Plusieurs facteurs laissent penser que cette tendance va s’installer durablement :
- Les jeunes générations, plus nombreuses à l’adopter, vont vieillir avec cette habitude
- Les marques s’adaptent et proposent des alternatives crédibles
- La parole se libère sur les réseaux sociaux, normalisant le phénomène
- Le confort devient une priorité dans la mode post-pandémie
Cela ne signifie pas la disparition du soutien-gorge, mais plutôt son repositionnement. Il devient un choix personnel, non une obligation. Certaines le porteront toujours, d’autres jamais, beaucoup alterneront selon les situations.
Les alternatives au soutien-gorge classique
Pour celles qui cherchent un compromis entre liberté et maintien, plusieurs options existent.
| Type | Avantages | Inconvénients |
|---|---|---|
| Brassière sport | Confort, maintien léger | Moins élégant |
| Top intégré | Pratique, effet seconde peau | Choix limités |
| Soutien-gorge triangle | Souple, sans armatures | Maintien minimal |
| Bandeau | Discret sous les vêtements | Peut glisser |
| Adhésif (stick-on) | Invisible, effet push-up | Inconfortable longue durée |
Le marché de la lingerie confortable explose. Les ventes de brassières ont augmenté de 40% entre 2020 et 2024, tandis que celles des soutiens-gorge à armatures ont chuté de 25%.
L’influence des réseaux sociaux
Instagram, TikTok et autres plateformes ont joué un rôle majeur dans la normalisation du « no bra ». Des milliers de femmes partagent leur expérience, donnent des conseils de style et décomplexent celles qui hésitent.
Les hashtags #NoBra, #Freethenipple ou #SansSoutif totalisent des millions de publications.
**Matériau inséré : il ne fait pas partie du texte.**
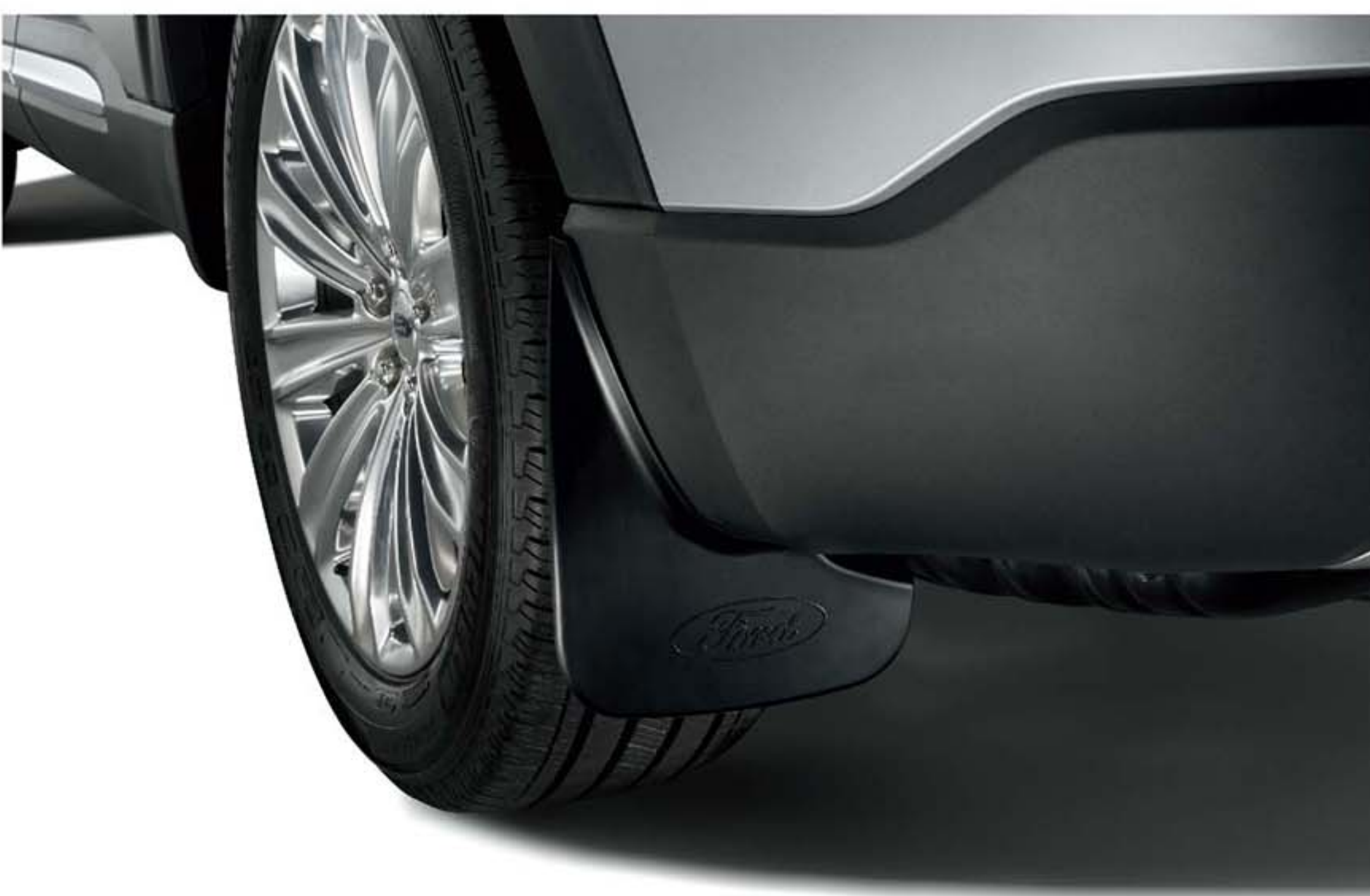
Ốp chắn bùn sau có Logo Ford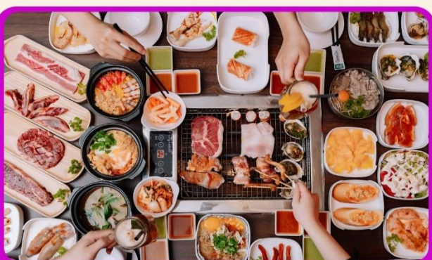
พิเศษ!! เมบูซาซิมิ+บุฟเฟ่ต์ปิ้งย่าง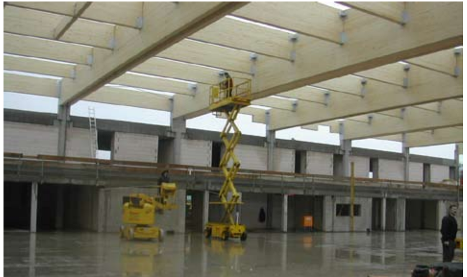
Montage der 33meter langen Dachbinder für das Hallentragwerk

Für ein Projekt, das am Ende viel mehr hermachen wird als das vorhergehende vergleichbarer Größe, freut sich Porsch: „Die neue Kanalisation hat zwar genauso viel gekostet, aber am Ende hat man 120 Kanaldeckel und zur Einweihung musste man den Bürgern auch noch das Geld für die Erschließungsgebühr aus der Tasche ziehen“. In der Turnhalle gab es stattdessen den Richtschmaus.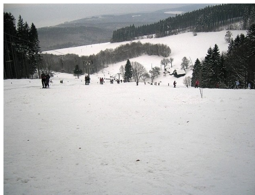
Obrázek č. 11 – Mikulčin vrch, zdroj: www.chatalopata.ic.cz

Druhým zařízením je Agropenzion Vápenice, který se nachází v oblasti Bílých Karpat v nadmořské výšce 680 m n. m. Poblíž penzionu jsou 2 lyžařské svahy s vleky, vede tudy běžecká trať o délce 7 km. Přístupová komunikace vede až k samotnému penzionu, možnost parkování osobních automobilů je v oploceném areálu penzionu. V areálu penzionu je také chata o kapacitě 2x5 lůžek.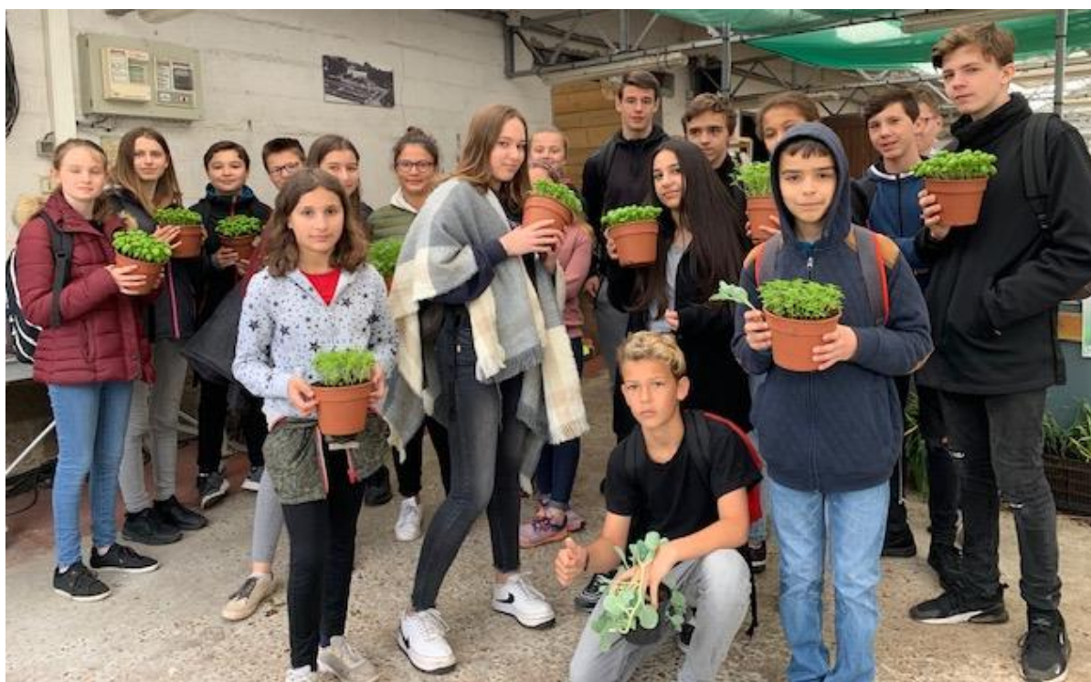
Après avoir goûté à la menthe chocolat, la menthe hollywood, chacun repart avec son pot de basilic: succès garanti.

Cette visibilité transforme un choix individuel en mouvement collectif, facilitant l’acceptation sociale.
Les influenceuses mode ont également adopté le « no bra » comme signature stylistique, montrant qu’il est possible d’être élégante sans soutien-gorge. Cette démocratisation par l’image est plus efficace que n’importe quel discours.